(RECORDED DATA)
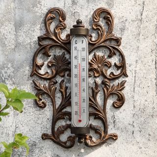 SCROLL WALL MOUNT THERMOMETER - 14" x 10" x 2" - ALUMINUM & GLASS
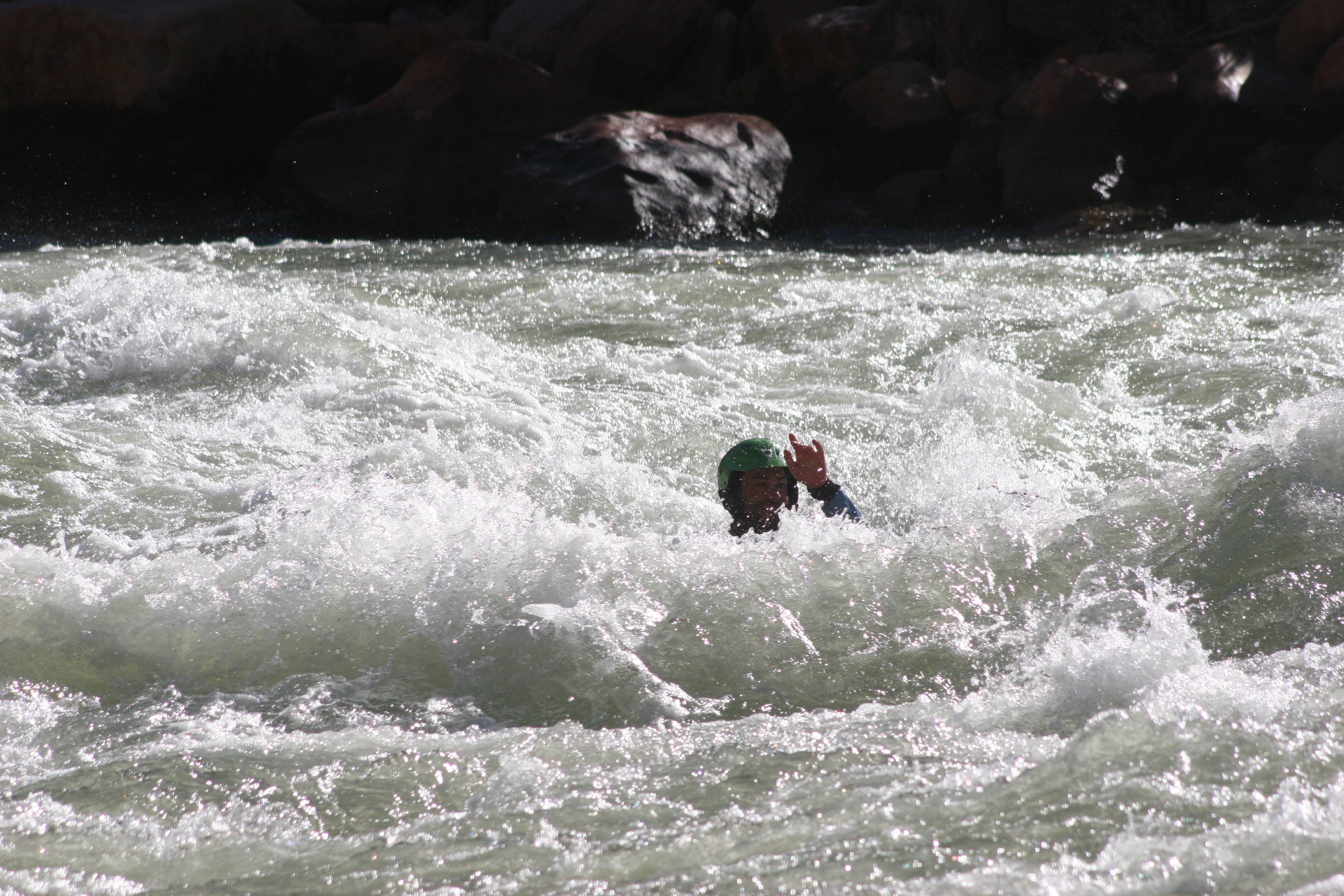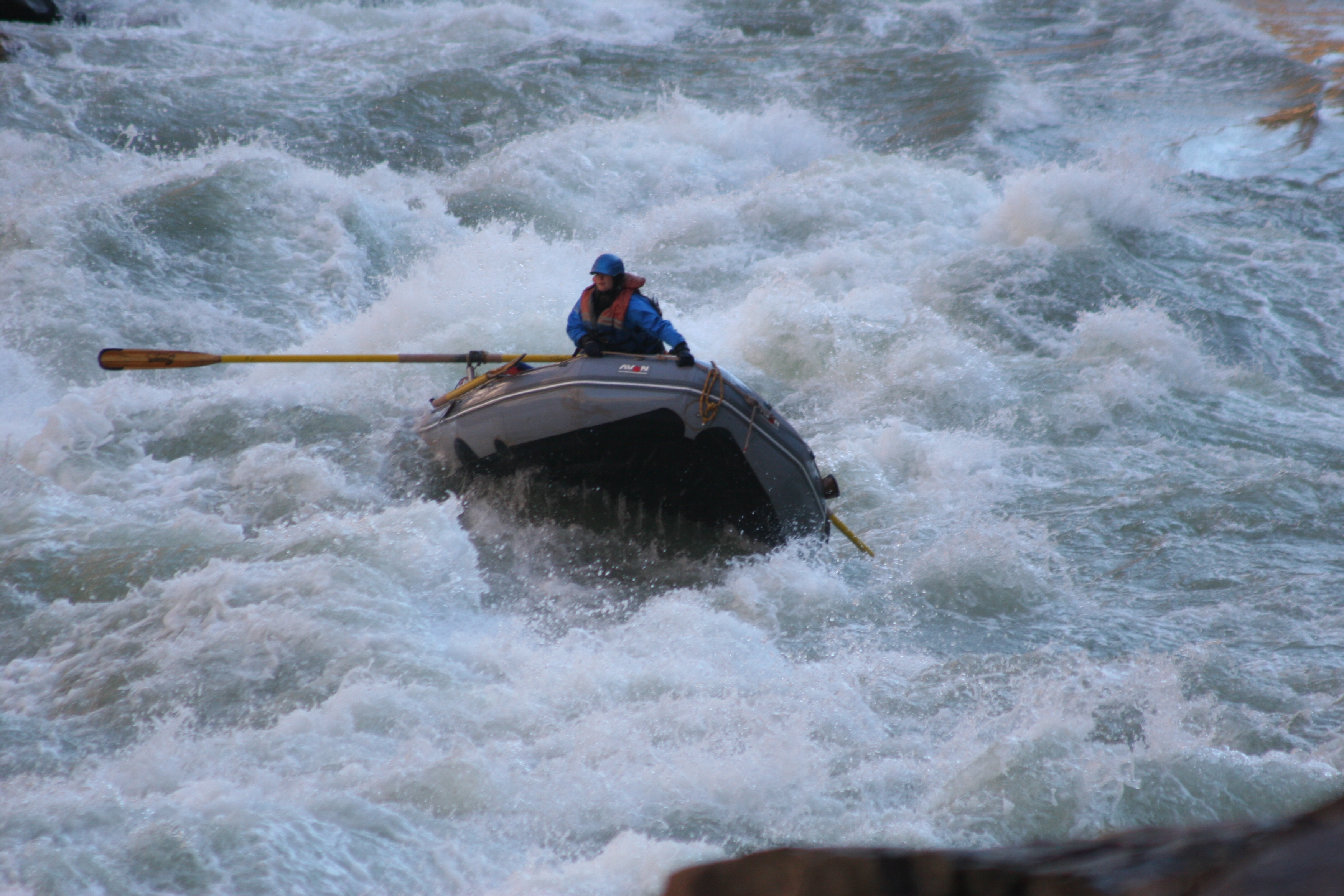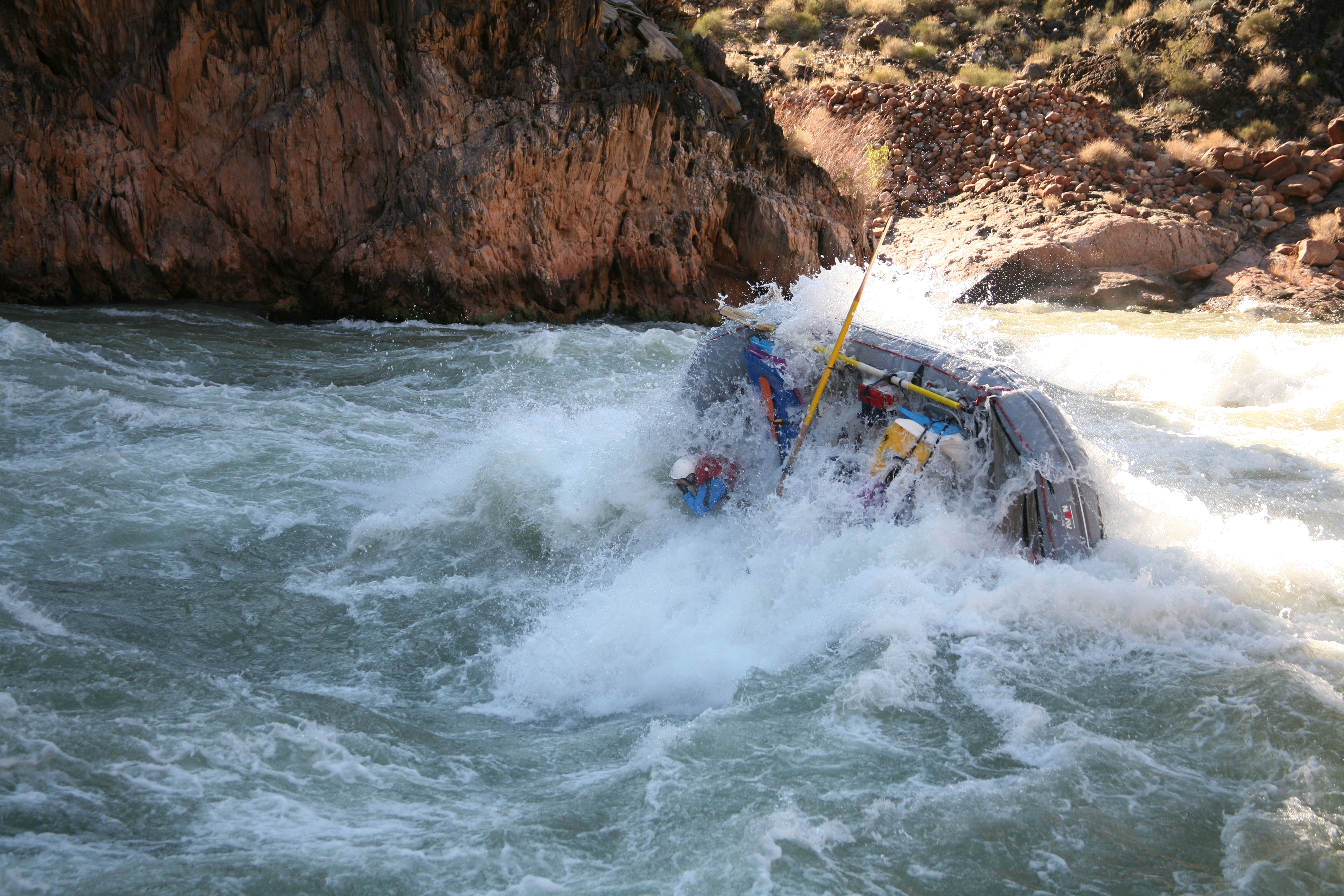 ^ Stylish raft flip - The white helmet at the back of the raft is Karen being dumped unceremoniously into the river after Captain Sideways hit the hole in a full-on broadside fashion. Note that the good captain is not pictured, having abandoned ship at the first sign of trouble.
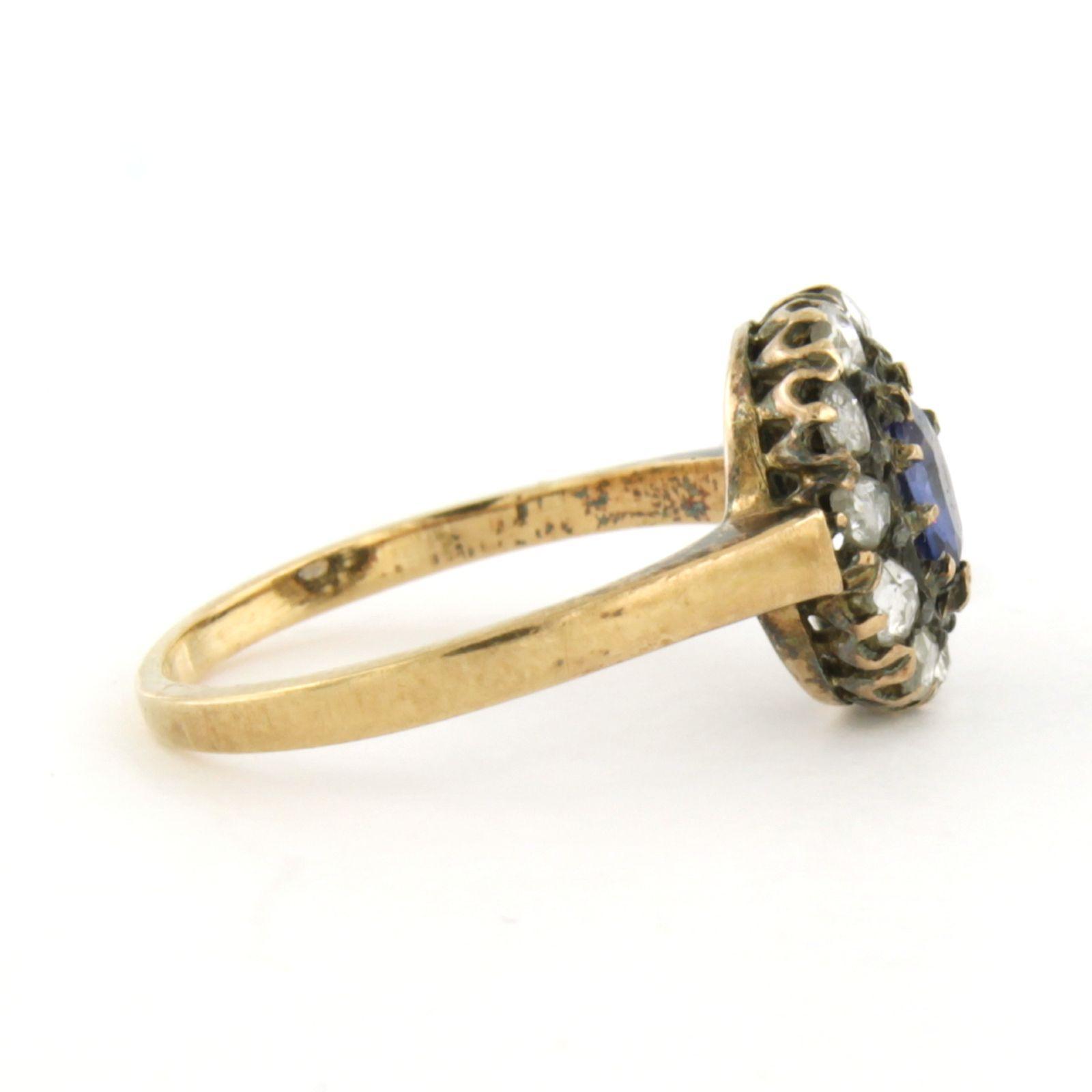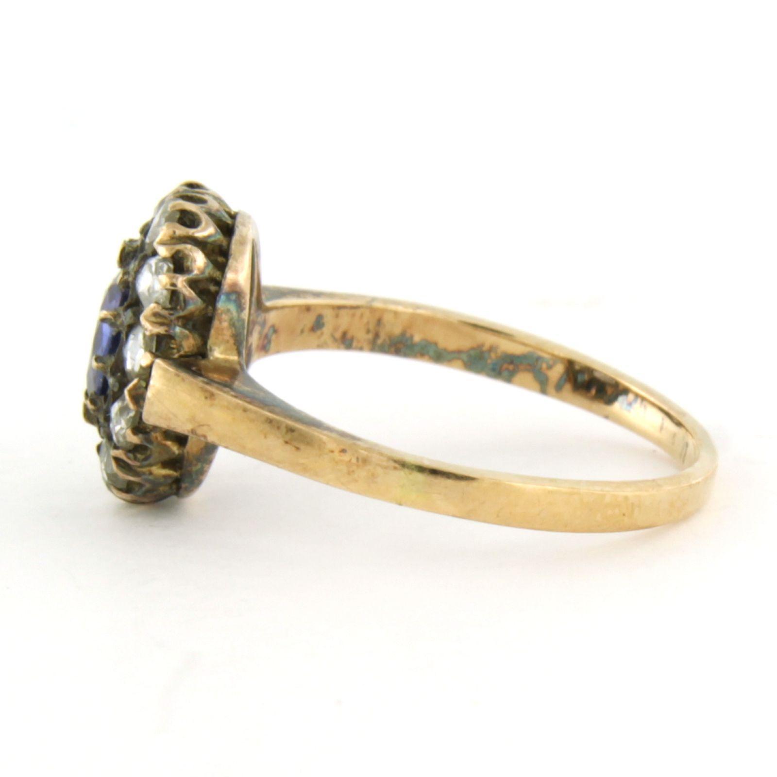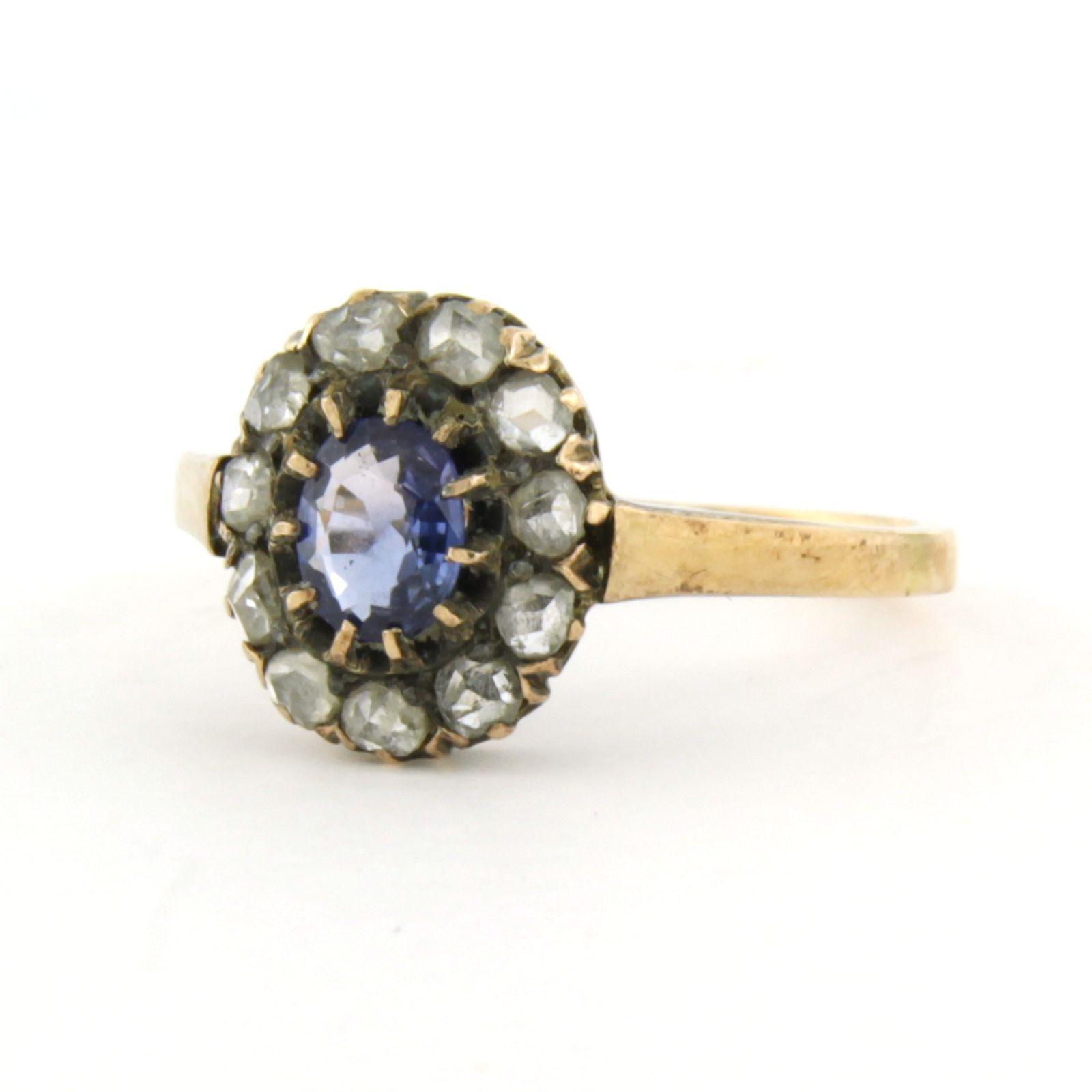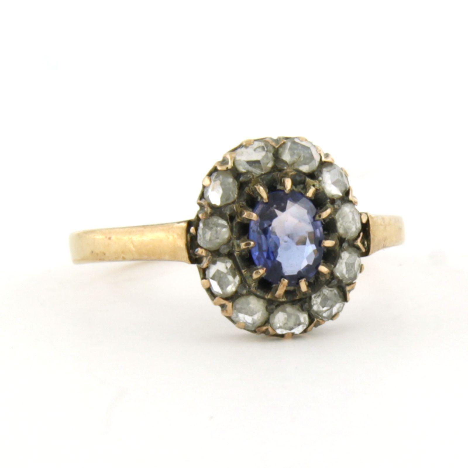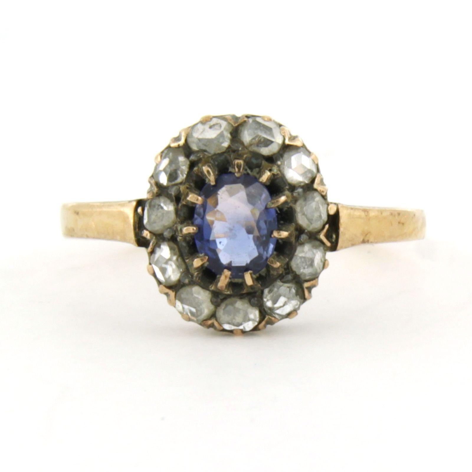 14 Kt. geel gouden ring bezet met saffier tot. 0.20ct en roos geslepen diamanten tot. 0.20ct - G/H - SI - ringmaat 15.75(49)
(End RECORDED DATA)
* WORK INSTRUCTION *
Transcribe the listing above in full and exactly; no pictures belong in the copy.

* TASK OUTPUT *
 SCROLL WALL MOUNT THERMOMETER - 14" x 10" x 2" - ALUMINUM & GLASS
 ^ Stylish raft flip - The white helmet at the back of the raft is Karen being dumped unceremoniously into the river after Captain Sideways hit the hole in a full-on broadside fashion. Note that the good captain is not pictured, having abandoned ship at the first sign of trouble.
 14 Kt. geel gouden ring bezet met saffier tot. 0.20ct en roos geslepen diamanten tot. 0.20ct - G/H - SI - ringmaat 15.75(49)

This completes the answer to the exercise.